The reason small companies get bought by big companies is that they magically, randomly pop out a product that people really like (also known as product-market-fit.) Product-market-fit is really really hard to do. Out of thousands and thousands of failed startups, Discord is kind of like that mythical monkey at a typewriter who by pure dumb luck and effort managed to type out the entire works of Shakespeare. 

But what is a monkey going to do with a fully typed-up script to Hamlet? Often, finding an audience doesn’t mean they know how to make money off of it. Enter Microsoft. The purpose of that big company is to notice that someone typed up the entire work of Shakespeare and then clean up the rough edges, scrub out the banana stains, patch out the bite marks, and make it something that can be enjoyed at scale.

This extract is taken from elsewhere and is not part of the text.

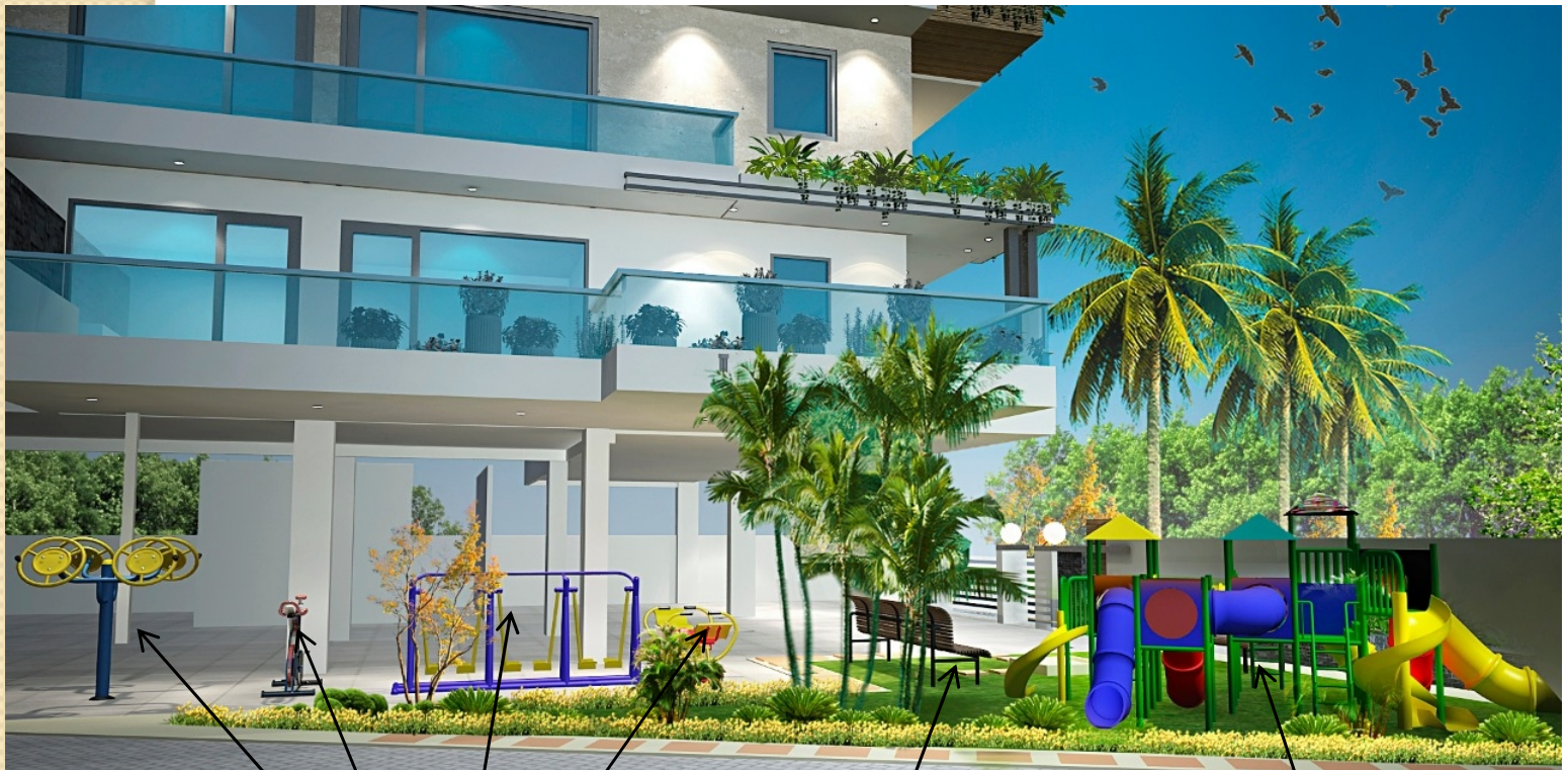
Outdoor Gym Equipments to Make you Healthy

I know this because I used to work for the computer giant IBM. When my company bought scrappy little hardware companies I would often be deployed to help bring boring but predictable management practices, standardized interfaces, and tried-and-true business practices so that they could scale up production 10000 fold. Basically, we would look at what was working well and do more of that, and look emotionlessly at what was wasteful and do less of that.

Wait what was working well with Discord?

Basically, a whole generation loves Discord. Like really love it. I actually have never proactively created a Discord. The first one I made was because a bunch of random speedrunners found my game 1 Screen Platformer and created an unofficially Discord so they could share speedrunning strategies. I had to defensively create an official one. Then I had to create a second discord for HowToMarketAGame because so many people started talking about marketing in the 1 Screen Platformer discord that they were killing the mood for average gamers. You don’t have to beg people to join your Discord, they will make one for you.

The low barrier to entry to start and join a Discord server is it’s secret superpower. A fan can join your server with as little as a click of a button. Discord servers are also very extensible with a whole cottage industry of bots that smooth out any shortfalls within Discord.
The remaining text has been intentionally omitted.